На могиле Гегеля Фридрих Фёрстер бросит вызов мракобесию и «духу рабства», хотя по прошествии времен эхо этого вызова, возможно, не произведет на нас особенного впечатления. Но тем, кто тогда слушал Фёрстера, было ясно, что в устах этого человека — если принять во внимание его прошлое — вызов обретал вполне определенный смысл, более серьезный и более угрожающий. Атмосфера, в которой произносятся слова, исполняет их особым смыслом, особым смыслом наделяет их также фигура произносящего.

Карове

Особенное ожесточение у властей вызывали т. н. «репетиторы». Странным образом можно подумать, что Гегель намеренно шел на провокацию, выбирая помощниками людей, внушающих подозрения и по разным причинам заслуживающих осуждения. Арест и преследование предшественника не производили на него никакого впечатления, и он снова выбирал смутьяна. Разве не мог он найти умных и компетентных учеников, не связанных с протестующей публикой?

Все истории достойны тщательного изучения. Мы вкратце опишем лишь некоторые.

Фридрих Вильгельм Карове (1789–1852) был, по- видимому, если не самым блестящим, то, во всяком случае, самым верным учеником Гегеля. Он стал им еще в Гейдельберге, где слушал его лекции.

В Burschenschaft он с самого начала возложил на себя руководящую роль. От него непременно должны были исходить сведения о других деятелях движения, с которыми его связывала общность устремлений, не исключавшая расхождений и конфликтов (Карл и Август Фоллен, Арндт, Редигер, Асверус, Коббе, Юлиус Нитхаммер, фон Хеннинг, Фёрстер, Шульце, Вессельхёффт, Витт и др.). В этом разношерстном движении Карове представлял «умеренных», можно предположить, что его умеренность есть следствие гегелевского влияния, приложения гегелевской мысли к этой частной сфере.

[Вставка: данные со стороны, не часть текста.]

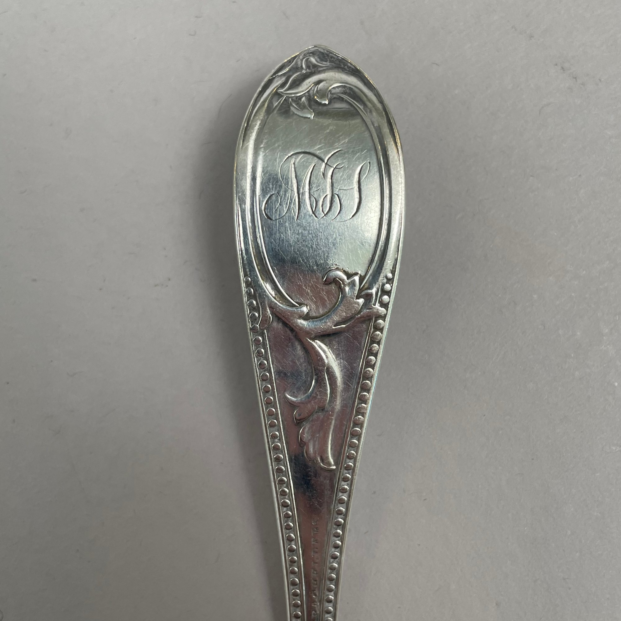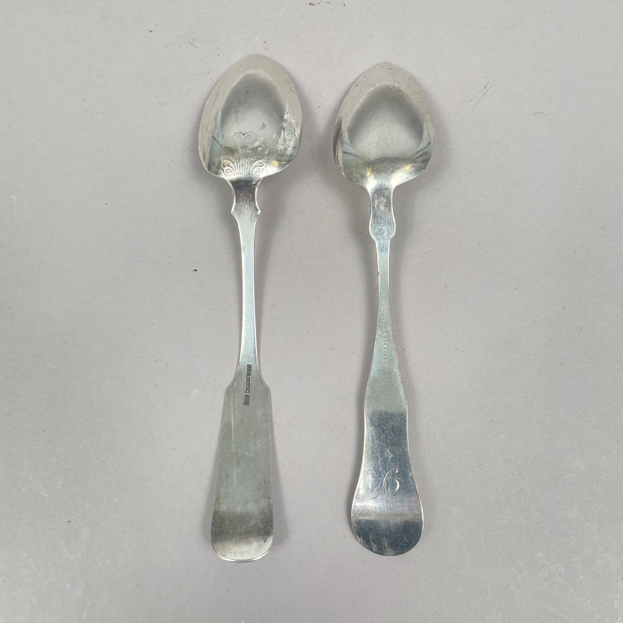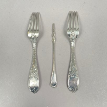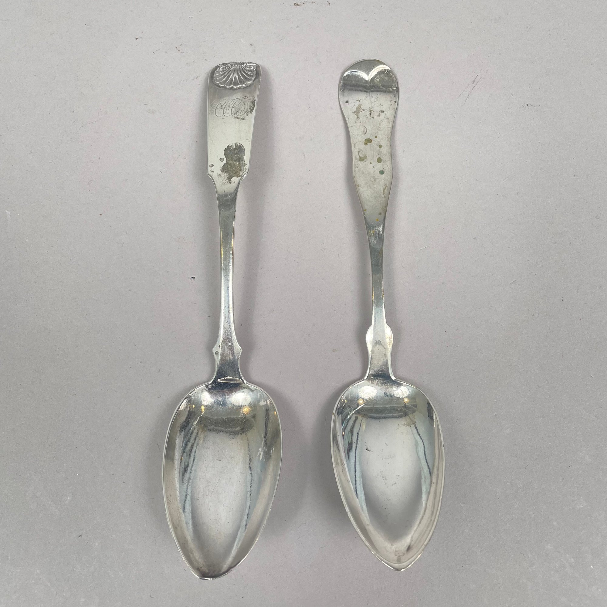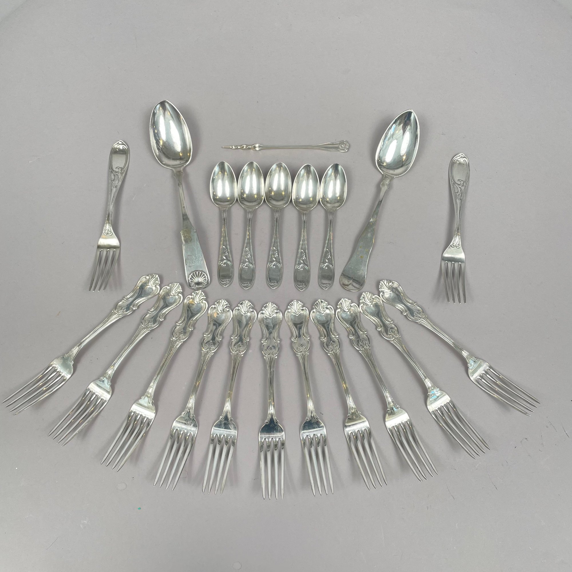 Group of American Coin and Sterling Silver Flatware in Various Patterns, Nineteenth Century. Comprising eleven dinner forks, Lincoln & Foss, Boston Massachusetts, 1848-57; one fiddle-handled tablespoon, and a set of two dinner forks and five teaspoons, E.K. Lakeman, Salem, Massachusetts, circa 1830; a fiddle- handled tablespoon applied with a shell, J.B. Jones, Boston, circa 1830; and a nutpick, Bigelow & Kennard & Co., Boston, after 1867. (21)

Это слово обретает истинный смысл на фоне того, чему оно противопоставляется. Умеренность Карове заключалась в противостоянии дуэльной мании, антисемитизму, галлофобии, тевтономании, характерным для некоторых течений внутри Burschenschaft. В этом смысле Карове возвращался к политической ориентации Гегеля. Следует признать, что «умеренный» Карове выглядит подлинным реформатором, когда строго придерживается главных ориентиров студенческого движения — стремления к патриотизму, немецкому единству, либерализму, парламентарному устройству, когда он старается очистить движение от неприятных и вредных извращений. Если «умеренность» Гегеля, так иногда определяли власти его поведение, состоит в том, чтобы противостоять антисемитизму, ксенофобии, тевтонской одержимости определенных групп Burschenschaftler’ы, то эта умеренность есть не что иное, как передовые либеральные устремления и личное великодушие.

Фактически Карове пойдет гораздо дальше в свободолюбивом порыве, нежели его экстремистские соратники, безудержные исключительно в крайнем национализме и провоцировании погромов. Позже он станет сен — симонистом, почти что социалистом (его сочинение, озаглавленное «Сен — симонизм», датируется 1831 годом).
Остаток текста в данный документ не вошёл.